10/10
Opulent, Picturesque, Over-the-Top Melodrama
12 June 2009
Warning: Spoilers
John Colton who co-authored Rain, the stage adaptation of the short story titled "Miss Thompson" by W. Somerset Maugham, was also solely responsible for another huge Broadway success, The Shanghai Gesture, a legend in 1926 theatregoing. On the other hand, the 1941 movie, directed and photographed (as the credits plainly state) by Josef von Sternberg (Paul Ivano was his camera operator), lost such a large amount of money, it permanently damaged his reputation. Pictorially, the movie is a noir masterpiece. The director has a great time with his opulently picturesque sets, peopled with a vast number of colorful Hollywood extras. Given the full von Sternberg treatment of soft, caressing lighting, Gene Tierney looks absolutely ravishing. Most attractively costumed, she plays up the melodramatic aspects of the plot to the hilt and is only distanced by Ona Munson who rivets our attention while she makes mincemeat of all the dialogue's best lines. Oddly, Victor Mature, of all people, ranks third to Munson and Tierney in the splendid acting department.
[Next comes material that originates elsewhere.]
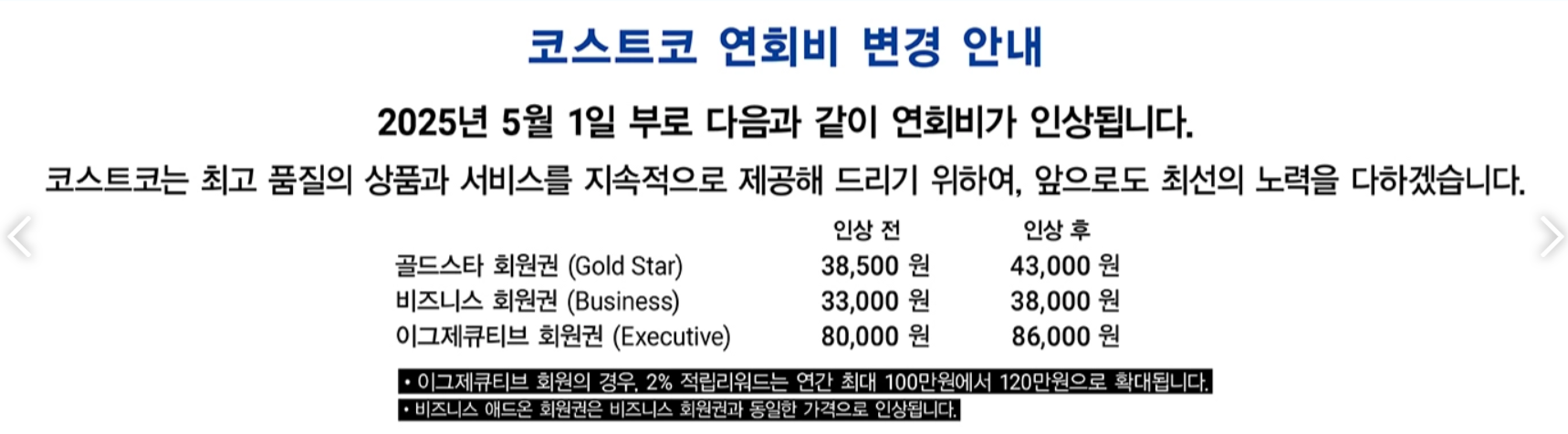 연회비 인상률을 보면 골드 스타 회원은 약 14.3%, 이그제큐티브 회원은 약 14.3%, 15% 정도 인상됩니다.
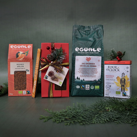 Julpaketet innehåller utvalda delar av vårt lyxiga sortiment med Fairtrade och ekologiska godsaker. Alla är Fairtrade och ekologiska. Njut av det goda.

He plays a rare unsympathetic role with amazing conviction and hits just the right note of superficial self-assurance. In the fall-guy role, Walter Huston enacts the man of the moment with his customary bravado, but is constantly out-pipped by many of the great support players like Phyllis Brooks and particularly Mike Mazurki who has the movie's famous fade-out line, "You likee Chinese New Year?"